There are so many different ways to feel about this - It depends on your own personality, on how you were raised. I learned that if I wanted to be 'heard' in this culture - in my life -I needed to speak up, because ultimately I am the champion of my own life. Not exactly the most engaging or easiest way of life, but once you break down those walls, you can build some marvelous relationships. Good Luck!
posted by inquisitrix at 1:08 AM on July 28, 2007 [1 favorite]


There is a difference between people who talk about themselves so you know what's going on with them, and those who talk about themselves hoping you'll have some input or feedback.

I think I'm usually good at asking questions, listening, and not rambling about myself, but with some of the things going on in my life lately, I've kind of found myself wanting to talk to everyone I know about them, but only in the hopes that they can help me out.

On the other hand, there are people who just like to talk. To put in a poker analogy, that's why "bad beat" stories are so annoying (where you should've won a hand but the cards defied the odds and didn't go your way). They're just letting off steam, but there's nothing you can say to that except "Wow," or "That sucks!" And that doesn't register with the speaker.

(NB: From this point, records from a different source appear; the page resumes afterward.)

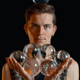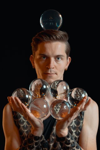 Elegantní a hypnotická vizuální show založená na manipulaci se skleněnými koulemi, iluzích a plynulém pohybu.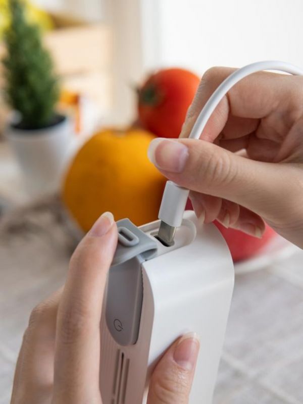 Soseki善思冰箱除味器,奶白色哑光机身搭配浅灰色硅胶配件,给人以清新、自然、干净之感,流畅自然的线条尽显产品做工精良,在冰箱里随手一放都能拍出质感大片。善思冰箱除味器巴掌大的长条形身材,立挂两用,冰箱囤满也有容身之处;衣柜、书柜、鞋柜等,适合于多场景使用。与需要重复购买、占空间的一次性除味盒相比,善思冰箱除味器通过USB线充电即可续航20天,0耗材更环保。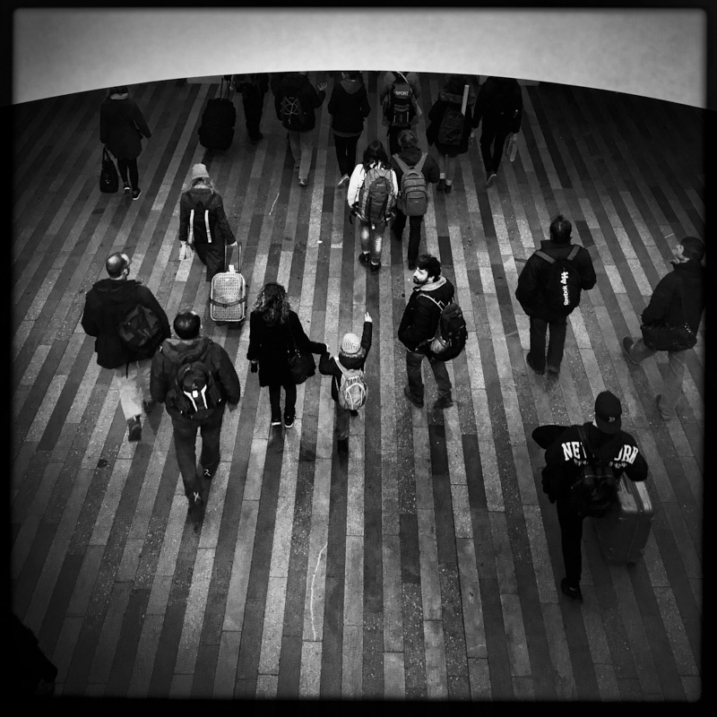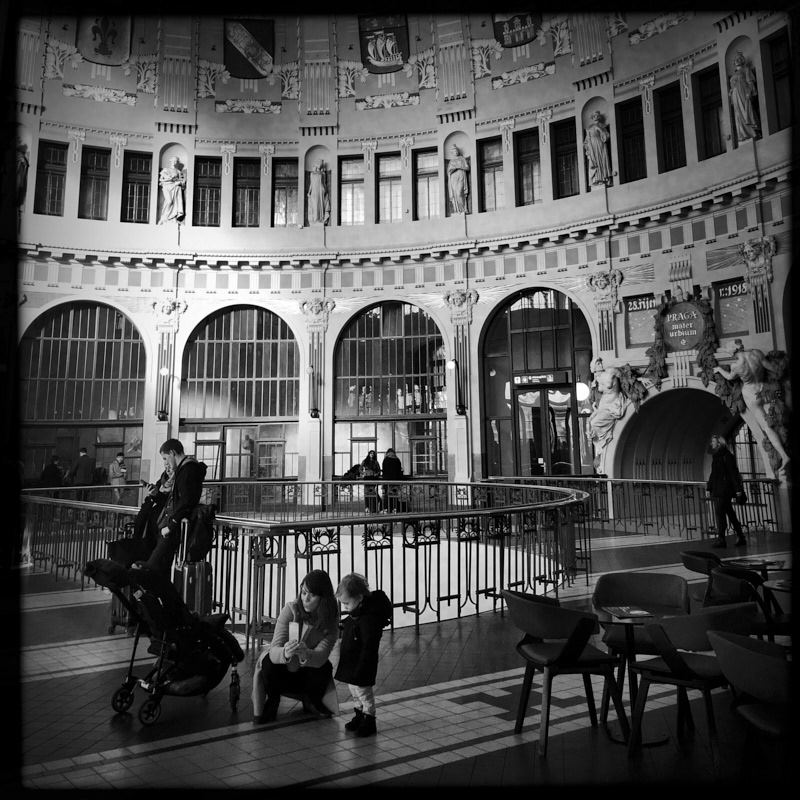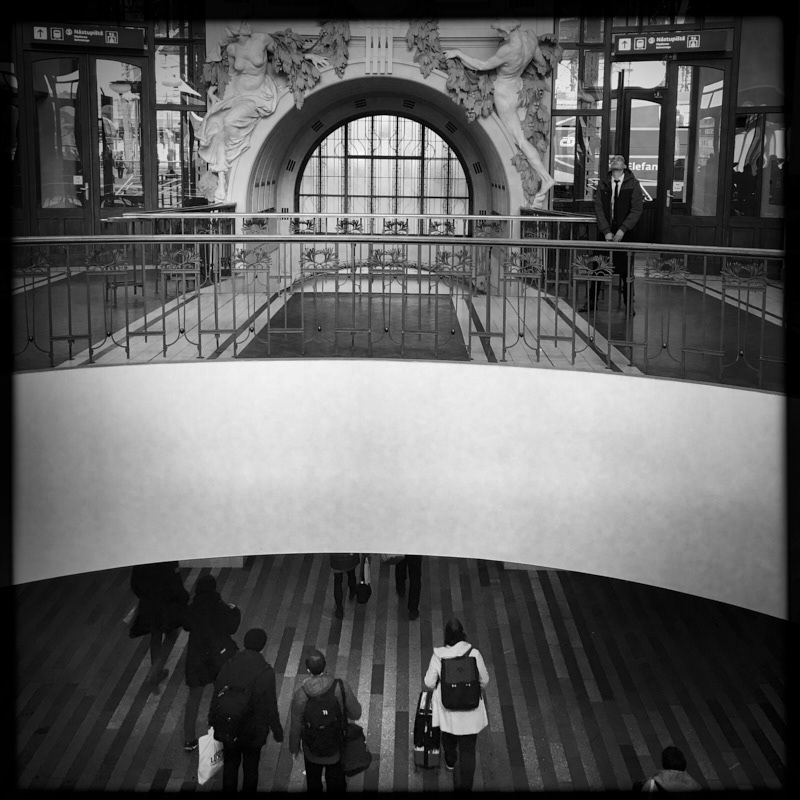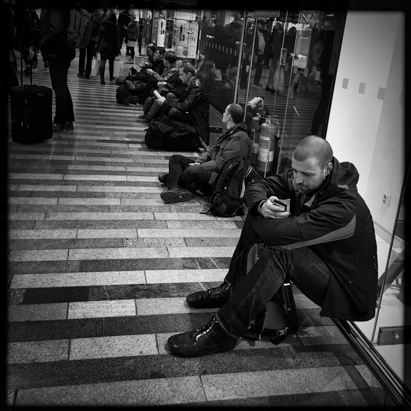 Due to rail failure, trains have about two and a half hours delay. The only happy one is the cleaning staff. There are only a handful of passengers on the platform and an old locomotive decorated by sprayers. Empty escalators. The historical building of the train station is a good place to take selfies. There is no place to sit. The reporter gives the TV viewers a fresh report on train delays. The audacity of the piano echoes the hall. As the trains started to move passengers left stores. A quick phone call and then a straight to the platform. The delayed train finally arrives.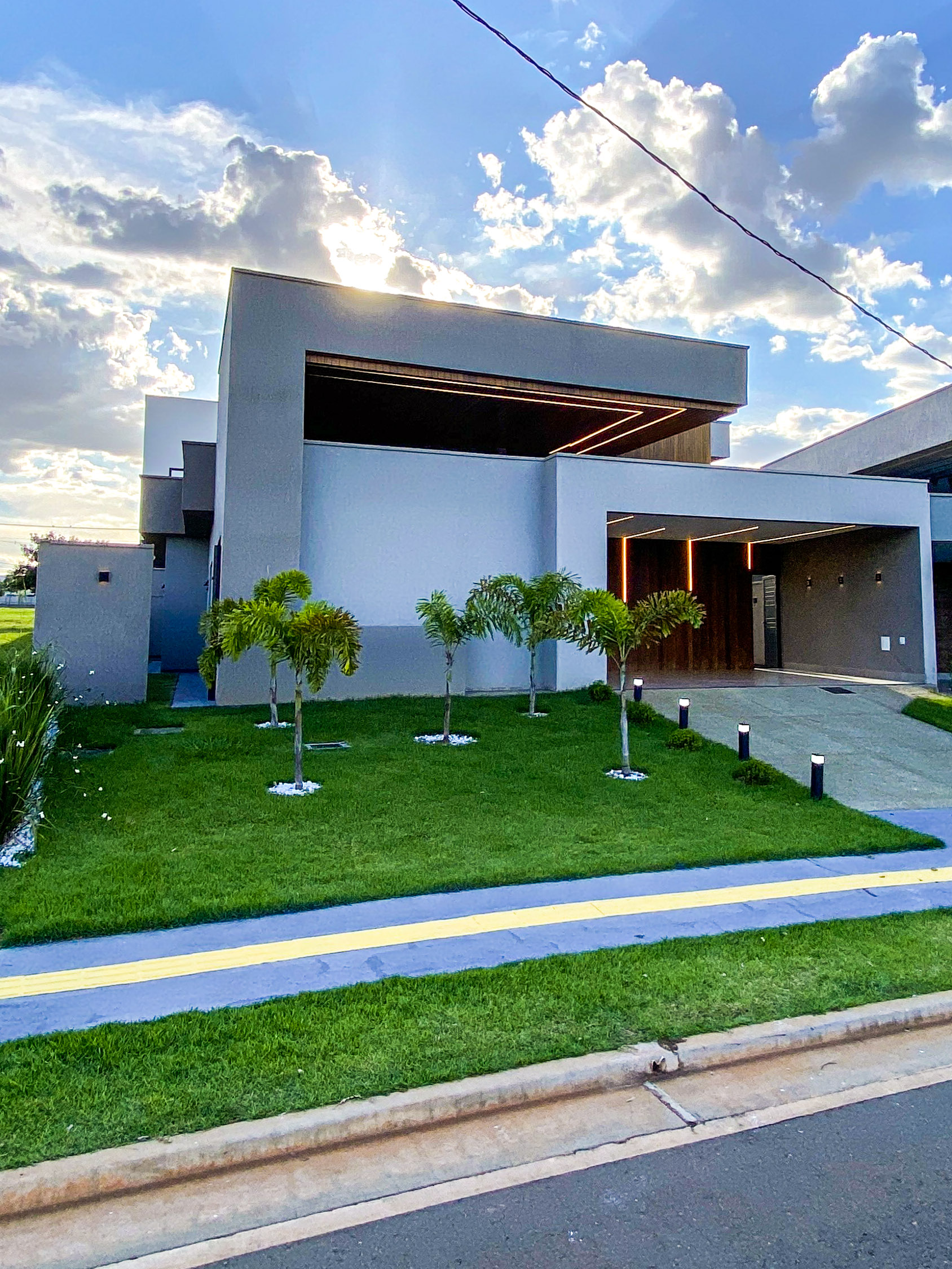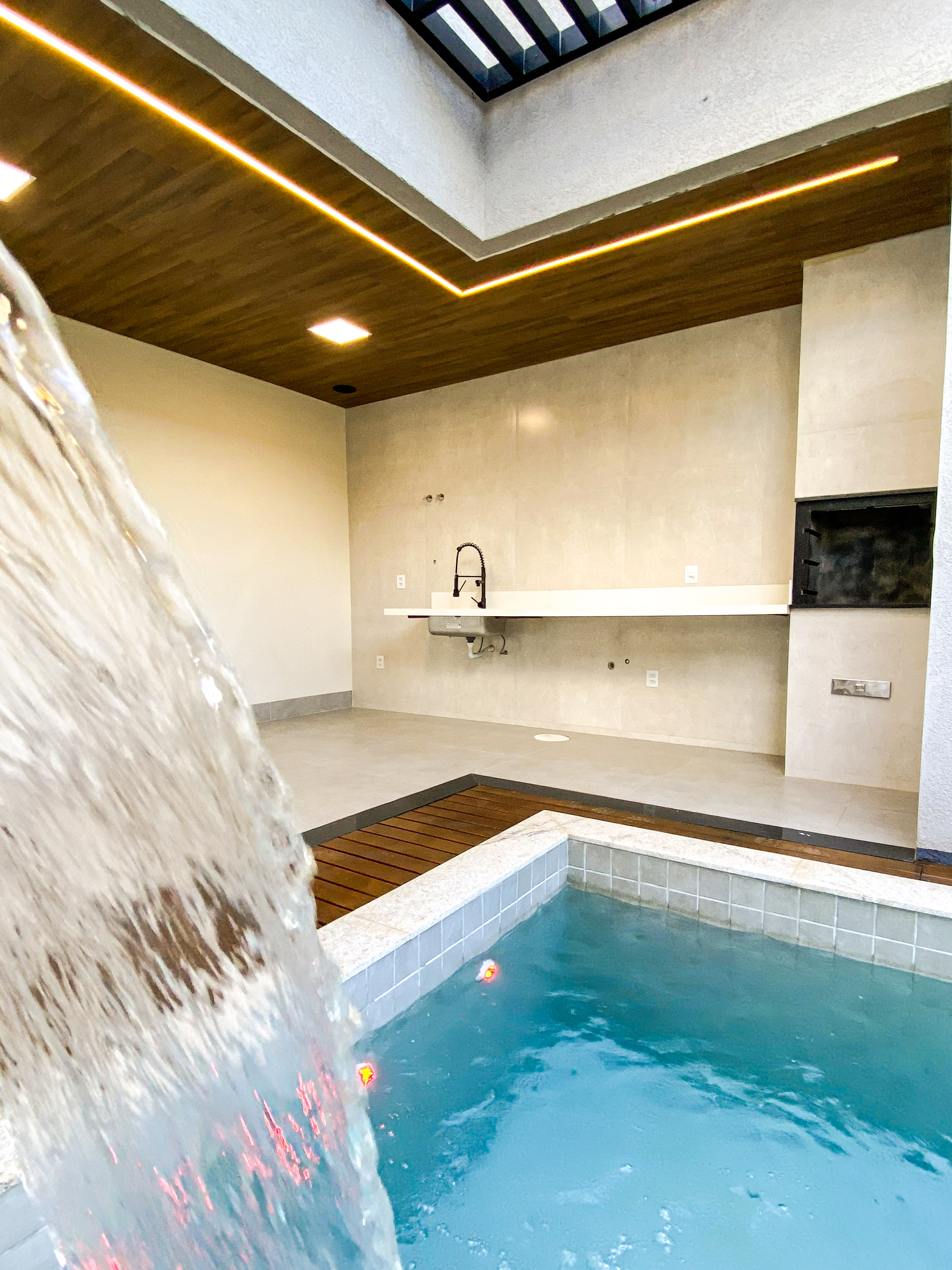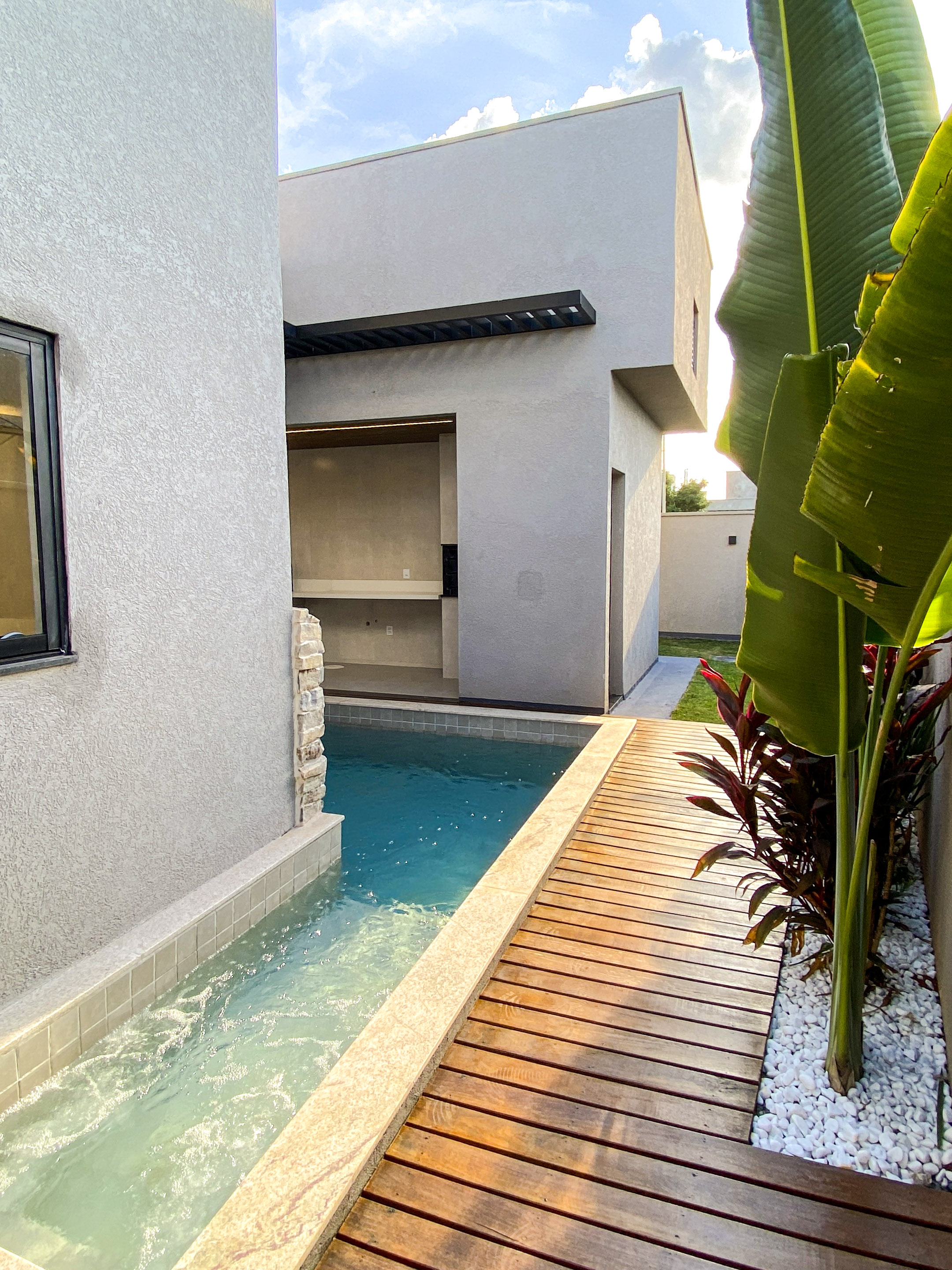 Terreno 371,52m² Construção 185,71m² Fachada Sol Nascente 4 suítes, sendo 1 master Sala ampla com lustre elegante Cozinha equipada com coifa, cooktop e bancadas de quartzo Área gourmet com churrasqueira a carvão e som ambiente Piscina com aquecimento solar, hidromassagem, cascata e deck de madeira Garagem para 2 carros Lavabo para visitantes Piso Porcelanato Portinari e iluminação premium Paisagismo completo Esquadrias de alumínio e portas de luxo --- Venda em parceria com a Sharks Imobiliária.

But in general I don't think you can do anything about it other than to be blunt and say "You talk about yourself too much." Do you ask mutual acquaintances about these self-talkers, and do they have the same opinion of them? If the third party keep saying, "He asks how I'm doing all the time," then yeah, it could be you, or how you approach conversations.

And for those who say they don't like to ask simple icebreaker questions lest they touch upon a sensitive topic, why bother talking to anyone ever? You could talk about the baseball game last night, and get a response like, "My nephew played little league, but he lost a hand in wood shop and he'll never be able to fulfill his dreams of being a major leaguer."

Sure there are some topics where you tread carefully, like a sick relative, but really, you shouldn't be afraid to just chat. What if everyone had the same mindset with you? It'd be a quiet world.
posted by TheSecretDecoderRing at 2:21 AM on July 28, 2007


Some people are radiators, others are drains.
posted by essexjan at 2:28 AM on July 28, 2007 [2 favorites]


Your comment has been noted and forgotten

That's fine. But to further clarify, some people are just drainers. There's no fixing them or changing them, they're just being a particular shade of human. So move on from them and find people more to your liking.

Still, and I mean this in the nicest of ways, why did it take you 10 years to figure out your friend was like this? Did or do you have some sort of blinders on, where your're looking or expecting them to do what you would do, inquire about others? Perhaps food for thought.
posted by Brandon Blatcher at 5:03 AM on July 28, 2007


Response by poster: Thanks, Brandon. The "friend" I speak of was one of those friends picked up when I met my wife, in the same way I gained a new extended family. Maybe friend is too strong a word.

Thanks for all your responses.
posted by DieHipsterDie at 5:11 AM on July 28, 2007


Randomly, I just had a conversation about this the other day after meeting someone with my partner. The person we met was sweet and kind of awkward, and didn't ask any questions at all about our interests or lives or anything. I thought it was a little weird and off-putting and showed self-absorption, and mentioned that afterwards. My partner said that she thought I was being a little harsh, because sometimes when you're shy you just kind of forget to do things like that and end up only talking in responses because it's just too daunting to do anything else. And I think she's right. I think it's easy to forget that there are piles and piles of reasons that people act the way they do, and maybe it's kinder not to always assume the worst about them.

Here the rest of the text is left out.